No dia 16, eu e o pai catita fizemos 10 anos de namoro. Para comemorar a data decidimos criar um painel da história da nossa família.

O pequeno catita, como qualquer outra criança, tem uma grande necessidade em saber de onde veio, o que o ajuda a definir para onde vai.

Ele delira com as histórias do “quando eu tinha a tua idade…”, com as espatifadelas do mini-pai catita mais-arranhão-menos-arranhão na sua bicicleta, com as aventuras da mini-mãe nas aulas de ciências. Com todos os medos e desafios que cada um enfrentou, tão semelhantes aos que agora ele está a viver.

“No meu tempo não havia televisão. Tu tens é muita sorte!” não conta como história construtiva e inspiradora. Só os pormenores, as personagens tão conhecidas, os problemas, aprendizagens e as emoções experienciadas constroem a riqueza e profundidade da mensagem.

Contar histórias de família tem inúmeros benefícios. Ajudam as crianças a fazerem relatos mais ricos e pormenorizados do seu dia a dia, a compreenderem e identificarem os pensamentos e as emoções do outro lado, favorecem o crescimento de uma autoestima saudável, e de uma noção mais forte do seu “eu”. As suas identidades ficam mais definidas, resultando numa maior resiliência e capacidade de lidar com os desafios da vida.

Estas histórias criam fios invisíveis que ligam a criança a todos aqueles que são importantes na sua vida, criando uma rede robusta onde a criança se sente amparada e protegida.

O painel chegou a semana passada, e o pequeno catita não conseguia tirar os olhos dele. De certa forma lembrou-me o poder hipnotizante das pinturas rupestres, ou dos hieróglifos do Egito. Desde sempre que os seres humanos se juntam para passar histórias de geração em geração. A nossa estava impressa em PVC, e era mais na onda da banda desenhada, mas o poder da história era claramente visível nos seus pequenos olhos fascinados.

“Ó Mãe e aqui? Foi onde conheceste o pai?” Apontava entusiasmado com o seu dedinho para o desenho do primeiro encontro.

Contámos várias vezes cada episódio. VÁRIAS, várias vezes…

No pedido em casamento no Japão, ele descobriu que a mãe tem dificuldade em responder rapidamente a perguntas difíceis, daquelas que podem mudar a vida de uma pessoa.

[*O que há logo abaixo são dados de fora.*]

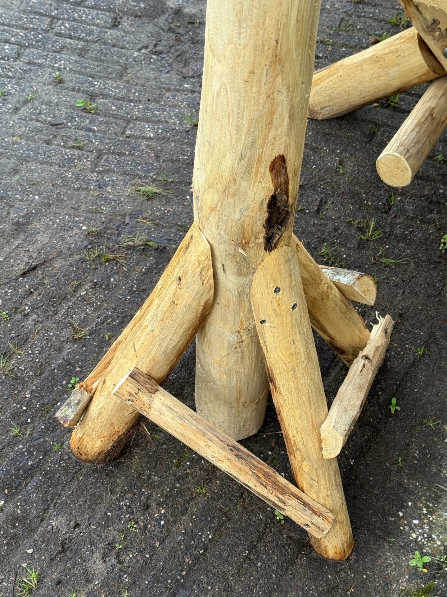 De paal waarop het voederhuis rust, is het beste van kastanjehout, maar bij een vochtig blijvende grond is robinia ook een zeer geschikte keuze.
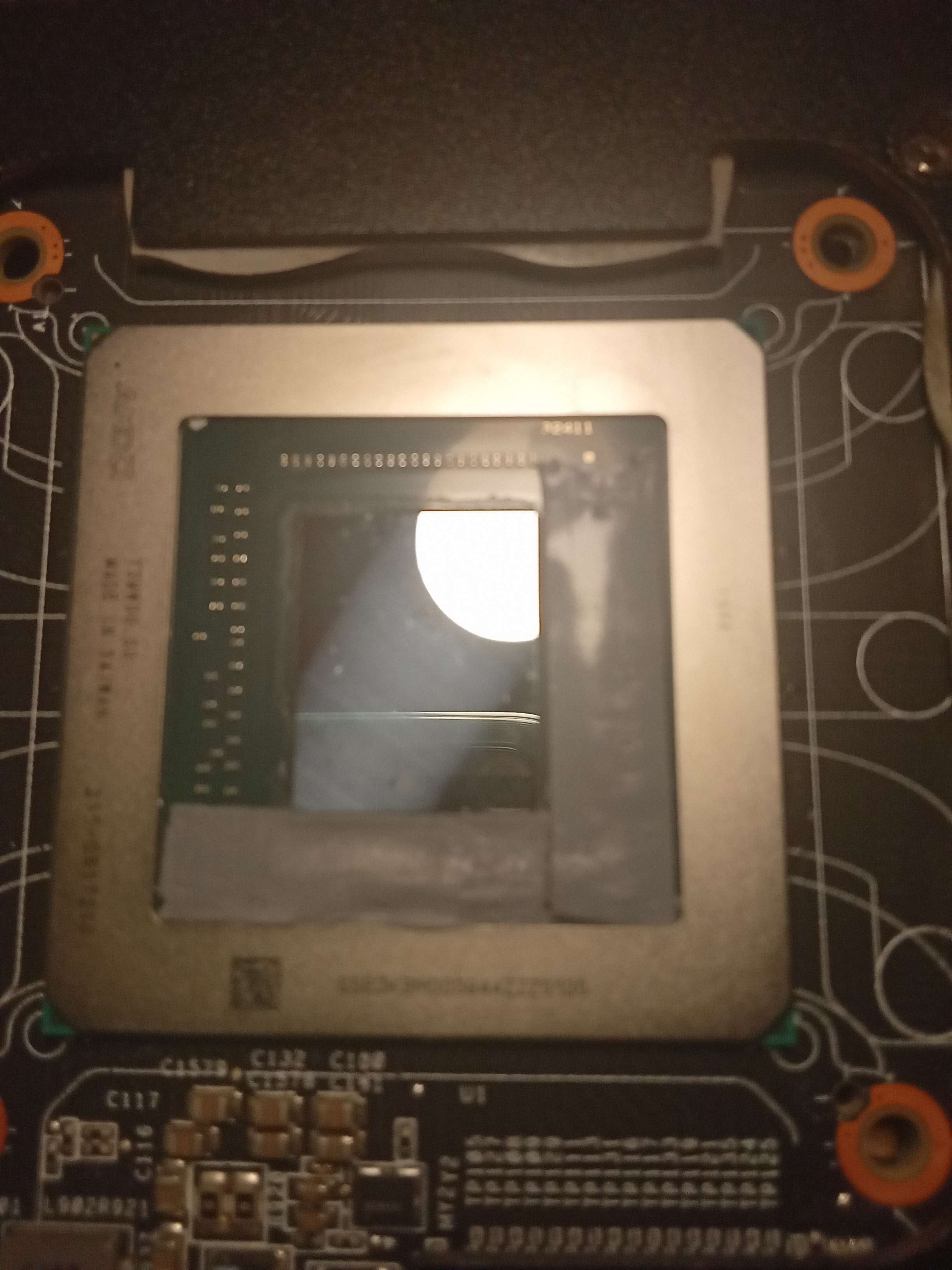 Da direct die , muss man natürlich aufpassen , dass man mit dem leitfähigen Karbonaut nicht an die Kontakte kommt, is klar . Meine Lösung hier : die 0,5 mm Wärmeleitpads (hab welche von gelid solution genommen mit 15 Watt m/k ... die waren recht günstig für das was die können ) zu 4 schmale Streifen schneiden und den Zwischenraum um die gpu die herum damit befüllen (das schließt , zumindest bei der 5700 xt taichi, schon ziemlich genau mit der die bzw dem umliegenden Material ab .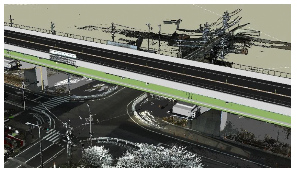 本モデルの概要は、3次元点群データと多様な道路属性情報を付与した車線中心線データ、高速道路施設情報等を含めた3次元CADデータ、モデリングデータで構成される。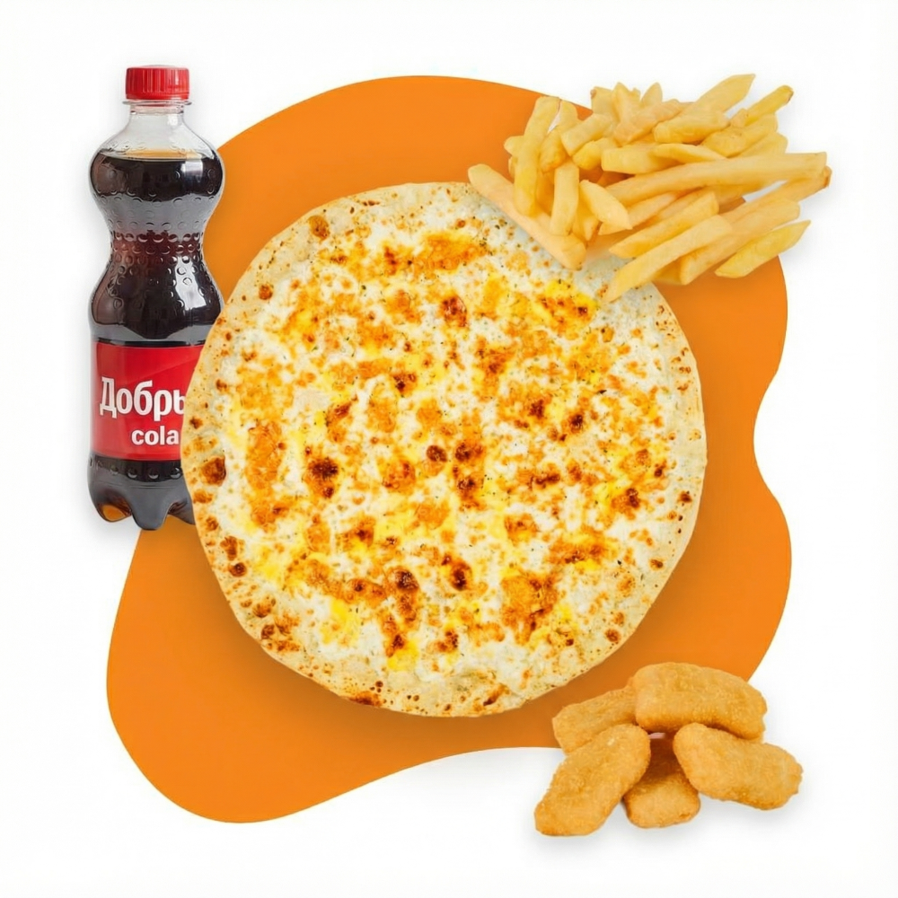 Пицца 4 сыра 25см, картофель фри средний, наггетсы 4шт, напиток 0.5л на выбор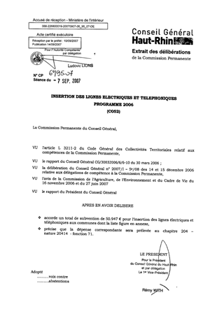 Les communes dont la liste figure en annexe au présent rapport ont sollicité une aide financière départementale pour leurs projets d’insertion de lignes électriques et téléphoniques au titre des programmes 2006 et 2007. Leur éligibilité a été examinée lors des réunions des 13 novembre 2006 et 6 juin 2007 de la commission de programmation de travaux puis validée les 16 novembre 2006 et 27 juin 2007 par la commission de l’agriculture, de l’environnement et du cadre de vie. Conformément à la convention départementale de partenariat, signée le 9 juin 2006 entre le Département du Haut-Rhin, Electricité de France et France Télécom, le total des subventions de la part du Département s’élèverait à 50.947 €.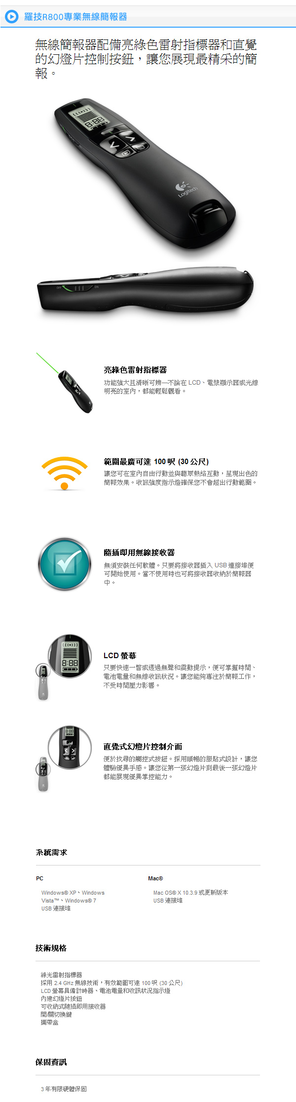 Logitech 羅技|R800 專業雷射簡報器 黑色

Desde aí, responde “vou pensar um bocadinho” antes de responder a perguntas que ele acha que merecem o seu tempo.

Descobriu que a mesma música que ainda hoje cantamos para ele, era a música que o embalava ainda estava ele na minha barriga, o genérico do “Conan, o rapaz do futuro” (o pai catita tem uma “ligeiríssima” adoração pelo Japão).

Apercebeu-se que gostar de uma pessoa é crescer com ela, e isso leva tempo, como todas as coisas que valem mesmo a pena.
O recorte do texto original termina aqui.